Navigate Compliance, Accelerate Approvals
At Indivirtus, our regulatory strategy and regulatory compliance consulting services are your blueprint for success. We help pharmaceutical and biotech innovators navigate the intricate global regulatory landscape. From early-stage planning to post-marketing support, we design tailored strategies that ensure compliance and accelerate your path to market with agencies like the FDA, EMA, and beyond.
Think of it as your product's master plan for global approval. Our regulatory affairs services cover everything from gap assessments and pathway analysis to agency meeting prep and strategies for faster approvals, ensuring you're ready for every milestone.
A solid regulatory strategy is the difference between a smooth launch and costly delays. It ensures you meet global standards, avoid common pitfalls, and leverage every opportunity for expedited review, ultimately fast-tracking your market access.
As your trusted CRO partner, Indivirtus provides expert-led regulatory consulting. We give you the strategic clarity needed to navigate complex requirements and achieve your submission goals with confidence.
Our approach to regulatory strategy is hands-on and expert-led. Our certified professionals bring years of global compliance experience to the table. We begin by deeply understanding your product and goals, then conduct thorough gap assessments, build a global pathway roadmap, manage your agency meetings, and identify opportunities for expedited programs.
This bespoke process ensures you have a clear, efficient path forward, fully aligned with ICH, FDA, and EMA guidelines.
Global Regulatory Pathway Roadmap: A comprehensive, easy-to-follow plan for your global submissions.
Agency Meeting Briefing Documents: Professionally prepared materials for your consultations with the FDA, EMA, and other bodies.
Gap Analysis & Regulatory Reports: A detailed assessment with actionable recommendations to address any compliance gaps.
Expedited Program Strategy: A tailored plan to help you qualify for fast-track approval programs.
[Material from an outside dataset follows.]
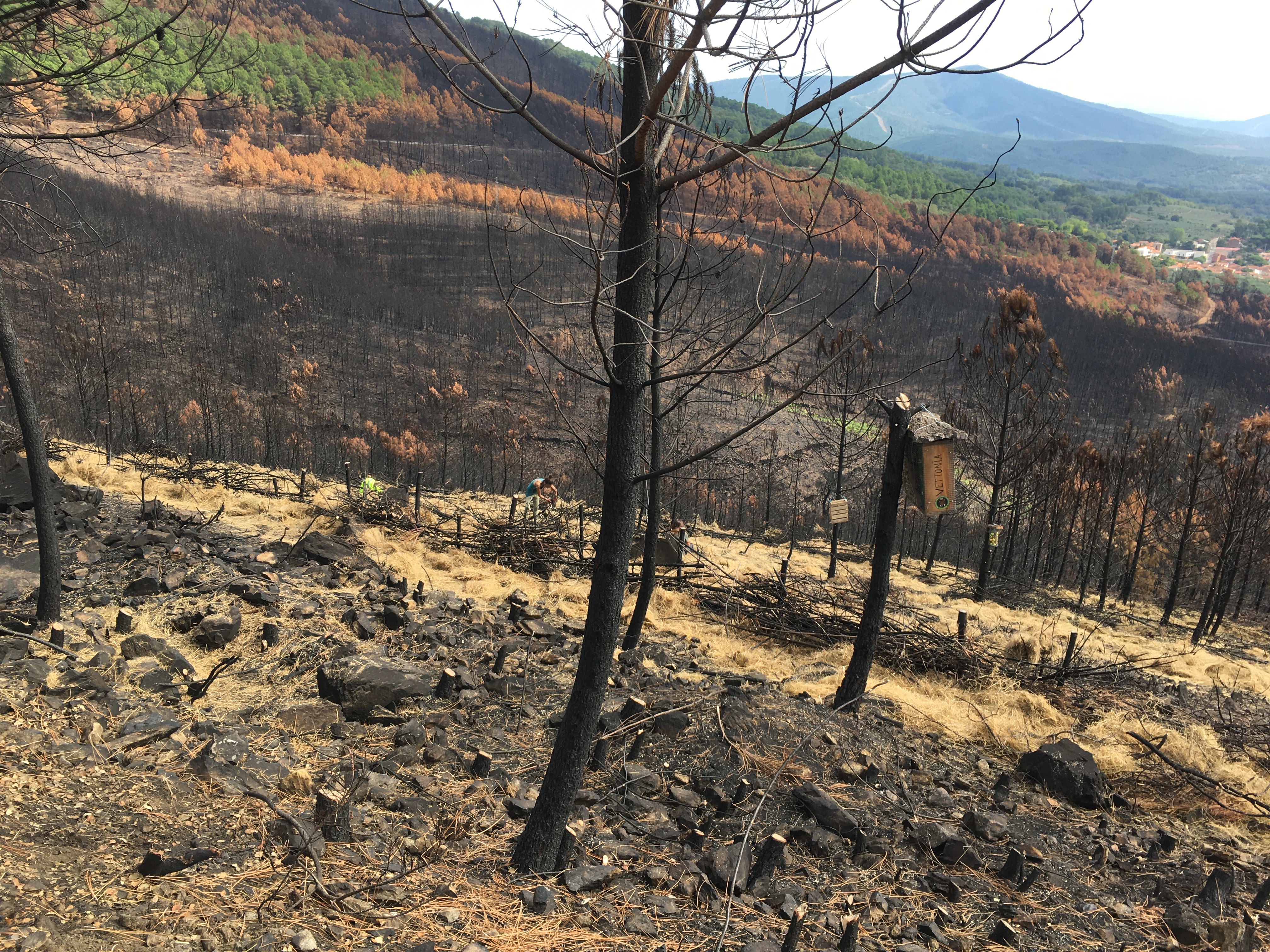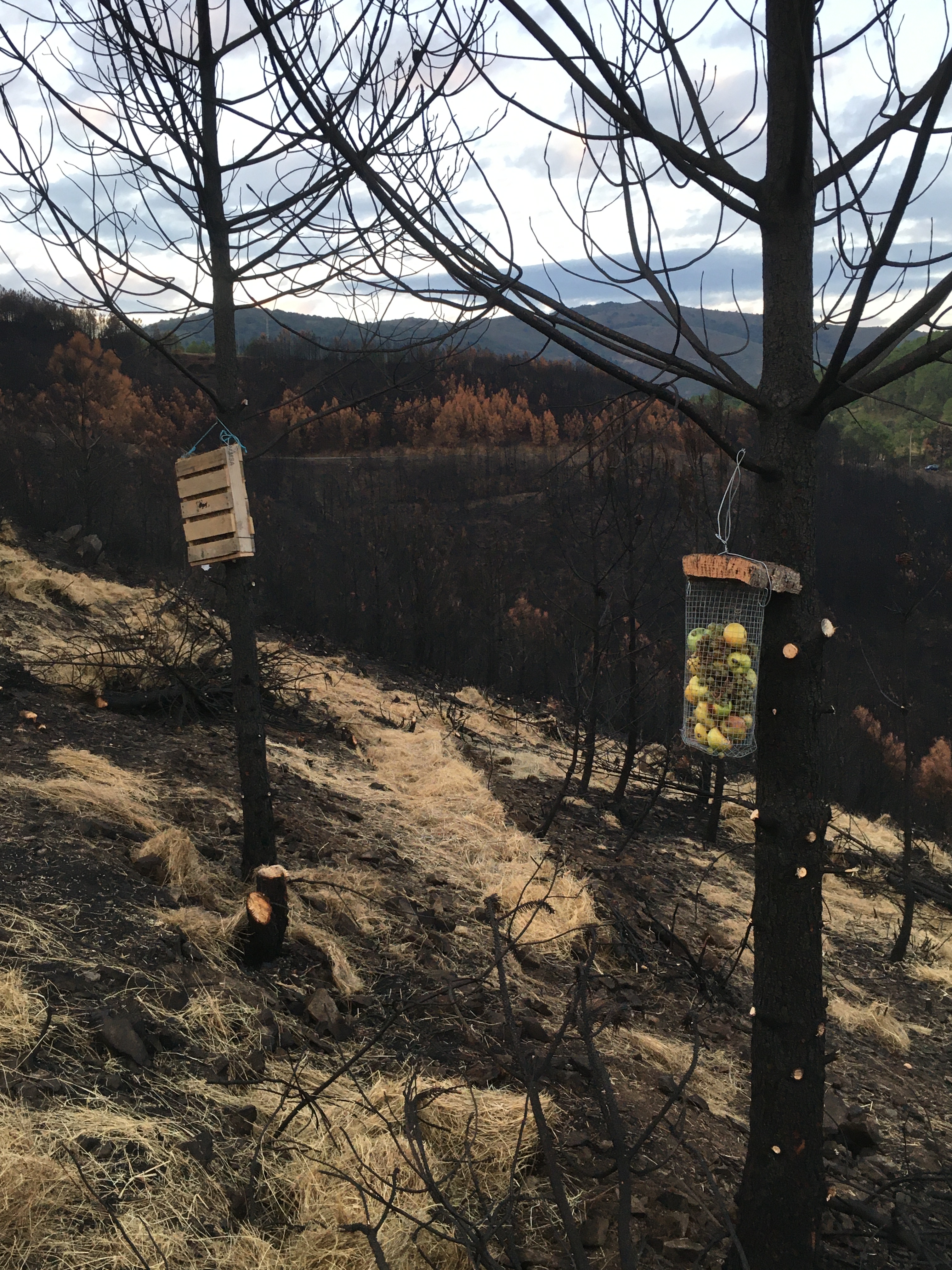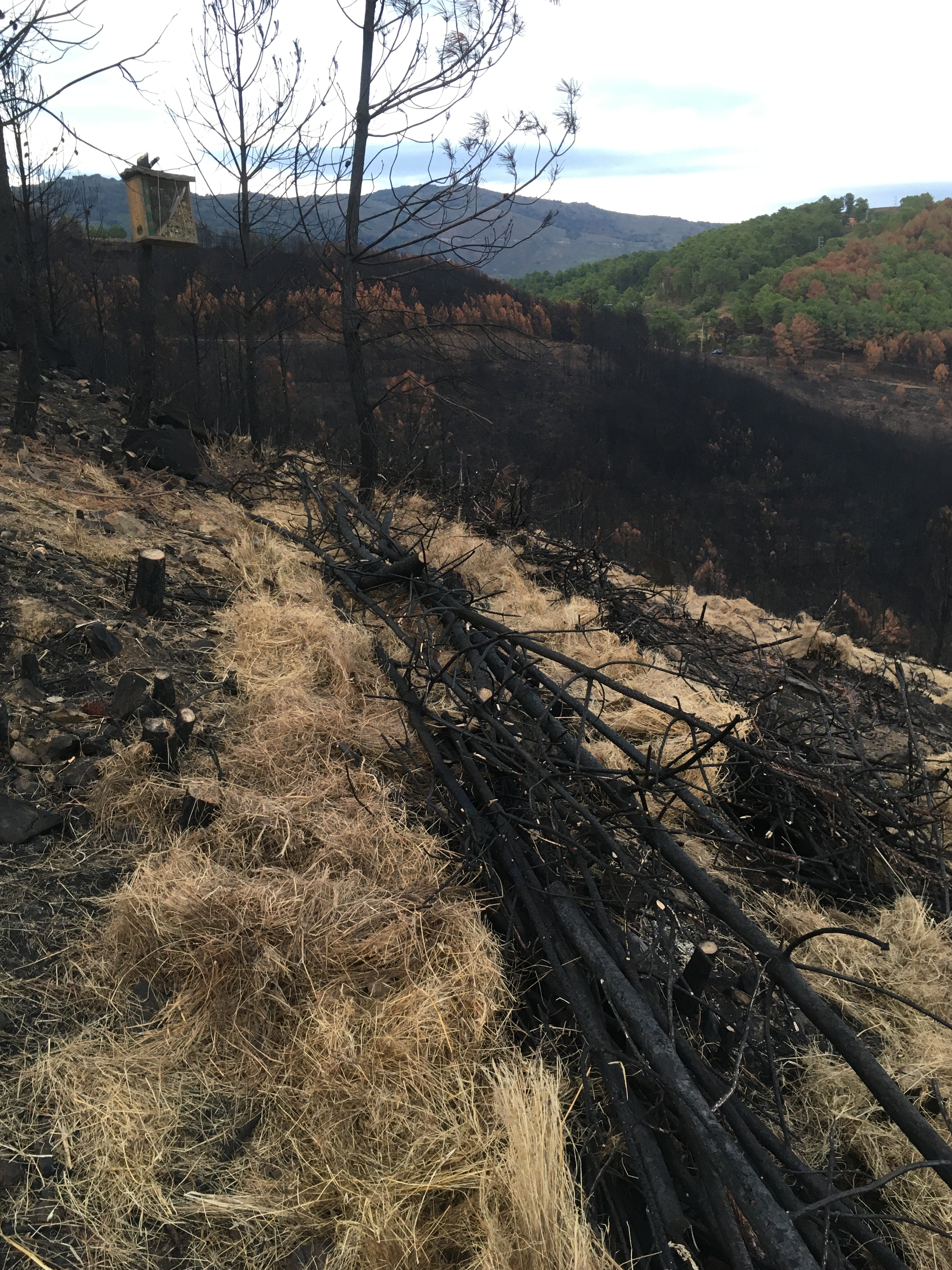 Kurz aufgelistet, haben wir so den Großteil der verbrannten Stämme umgesägt, kleine Gräben und Terassen gezogen und mit Stroh, Ästen und den Stämmen verstärkt, damit sich bei Regen die Asche und die Nährstoffe darin sammeln können Außerdem Weizen und Leguminosensamen verteilt, damit es schnell wieder eine grüne Decke gibt und Vogelhäuser und Insektenhotels aufgehängt.
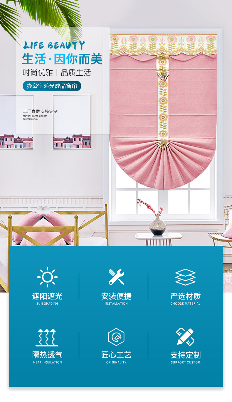 부채꼴 커튼, 창문 장식용 완제품, 핑크 스트라이프, 심플 모던, 리프팅 로마 커튼, 블라인드

We anchor our regulatory compliance consulting in the world's most stringent standards. This ensures your submissions aren't just compliant, but optimized for success in international markets. By building our strategies on industry-leading guidelines, we give you the confidence that comes from a well-prepared and defensible regulatory plan.
Our regulatory affairs services are essential for any pharmaceutical or biotech company navigating the global regulatory maze. We're an ideal partner for firms in early-stage planning, those seeking expedited approvals, or those preparing for global submissions. We help develop winning strategies for new drug applications, manage critical agency consultations, and optimize your eligibility for programs that can speed up your timeline.
Indivirtus is a trusted partner for pharmaceutical and biotech companies because we deliver expert-led regulatory strategy solutions. Our certified professionals have extensive global experience, ensuring scientifically sound outcomes, rapid delivery, and the strictest confidentiality.
We empower your organization with compliant, strategic, and forward-thinking regulatory plans that drive approval success and market readiness.
It's our strategic process for mapping out the most efficient submission routes for your product across the globe. We analyze regional requirements, your product's classification, and your target markets to create a clear, customized roadmap.
These consultations are crucial for aligning your development plan with what regulators expect to see. Getting their feedback early helps prevent major delays or rejections down the line, saving you time and resources.
We provide strategic support for a variety of programs, including the FDA's Fast Track, Breakthrough Therapy, and Accelerated Approval, as well as the EMA’s PRIME scheme, based on your product's eligibility.
We perform a deep dive into your current regulatory and technical documentation, comparing it against international standards. We then provide clear regulatory reports detailing any gaps and a roadmap for becoming submission-ready.
Yes, absolutely. Our regulatory consulting is customized for companies of all sizes. We provide foundational guidance for early-stage startups to ensure you start on the right compliance path from day one.
Yes, every strategy we create is fully customized. Our services are tailored to your unique drug product, specific regulatory goals, and target markets to ensure a compliant and effective plan.